Мы, подруги, друзья, ваши жены,
мы вам песню свою пропоем…
По сибирской далекой дороге
вслед за вами этапом идем…

 
   Мужья… Некоторые точно знают, что их мужья расстреляны. Другие не знают ничего. Но на встречу надеются абсолютно все. И песня сменяется страстным шепотом.
   — Встретимся… В лагерях изоляции нет…
   — А там, может, и разрешат совместное проживание… Вот ведь Люся говорила…
   Эта тема сразу выдвигает на первый план меньшевичек и эсерок. У них тюремный опыт. Они знают, как бывает и как не бывает.
   Люся Оганджанян, коротенькая, длинноносая, с умными, насмешливыми глазами, удивительно похожая на Розу Люксембург, охотно рассказывает о самых светлых минутах своей жизни. Они прошли в Верхнеуральском политизоляторе, где в начале 30-х годов либерализм доходил до того, что разрешались семейные карцеры.
   — Вы вот знакомы с чистой, бескорыстной любовью по литературе, — говорит Люся и хорошеет, заливаясь румянцем. — А я знала ее в жизни. Не жалуюсь на судьбу, свою долю радости получила. Эта волшебная одиночка, настоящее слияние двух душ, обостренная враждебностью окружающего мира…

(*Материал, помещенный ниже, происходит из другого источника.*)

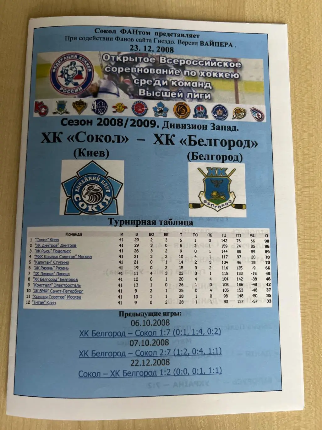 Хоккей. Сокол Киев - ХК Белгород 2008-2009

   Эсерка Катя Олицкая — женщина за сорок, похожая почти мужским орлиным носом и прямыми прядями спадающих на лоб волос на вождя индейцев Монтигомо Ястребиный Коготь, определенно обещает встречу с мужчинами в транзитном лагере. Правда, мы пока не знаем, куда нас везут. Но если во Владивосток, то там обязательно встретимся с мужчинами.

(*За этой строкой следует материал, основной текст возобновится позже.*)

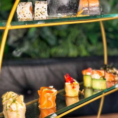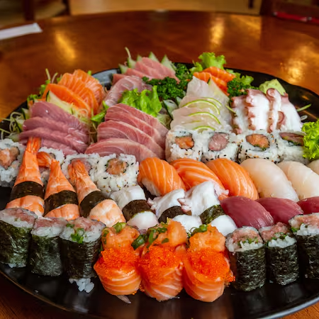 Desfrute de 12 sashimis frescos (6 de salmão e 6 de tilápia com toque de limão), 6 sushis variados com cortes de peixe, 4 niguiris (2 de salmão e 2 de skin especial), 6 gunkans (2 de cream cheese, 2 de tilápia e 2 de shakê) e 12 hot rolls Philadelphia crocantes por fora e cremosos por dentro. Uma seleção completa e irresistível.
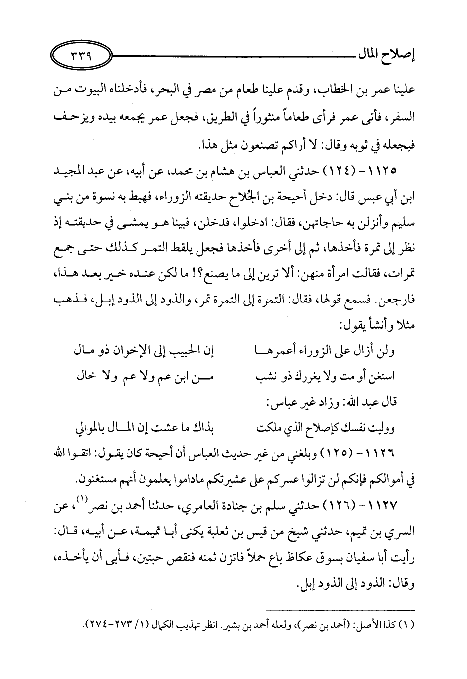 كتاب إصلاح المال لابن أبي الدنيا - ط أطلس الخضراء = مقابل

   — Не слушай их, — шепчет мне на ухо Надя Королева, — что они понимают? От царя Гороха остались. Вон что она несет-то? Себя социалисткой называет, а нас… Помню, учили мы про них на политзанятиях, так я думала — они давно вымерли… И вдруг рядом… Вот компания, понимаешь! Чтоб ему ни дна ни покрышки, этому следователю!
   От песни про мужей разговор так и клонится к запретной теме. Уж сколько раз, еще в Бутырках, договаривались: про это не надо… Но всегда найдется одна, которая не выдержит.

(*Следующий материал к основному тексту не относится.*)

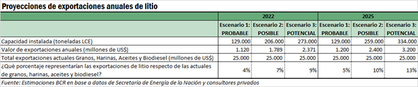 Partiendo de los tres escenarios propuestos por la Secretaría de Política Minera dependiente del Ministerio de Producción y Trabajo, se obtienen proyecciones de exportaciones de litio para los años 2022 y 2025.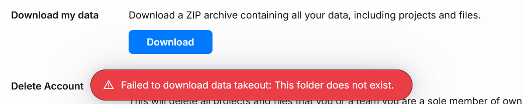 Failed to download data takeout: This folder does not exist.

   — Помню, было ему четыре года. Купила я как-то курочку и зарезала. А он: не буду знакомую курочку есть…
   Зоя Мазнина, жена одного из организаторов ленинградского комсомола, из своих трех детей чаще всего вспоминает младшего — Димку. И не плачет, когда вспоминает, а наоборот, улыбается. Смешные случаи ей все на ум приходят.
   Плотина прорвалась. Теперь вспоминают все. В сумерки седьмого вагона входят улыбки детей и детские слезы. И голоса Юрок, Славок, Ирочек, которые спрашивают: «Где ты, мама?»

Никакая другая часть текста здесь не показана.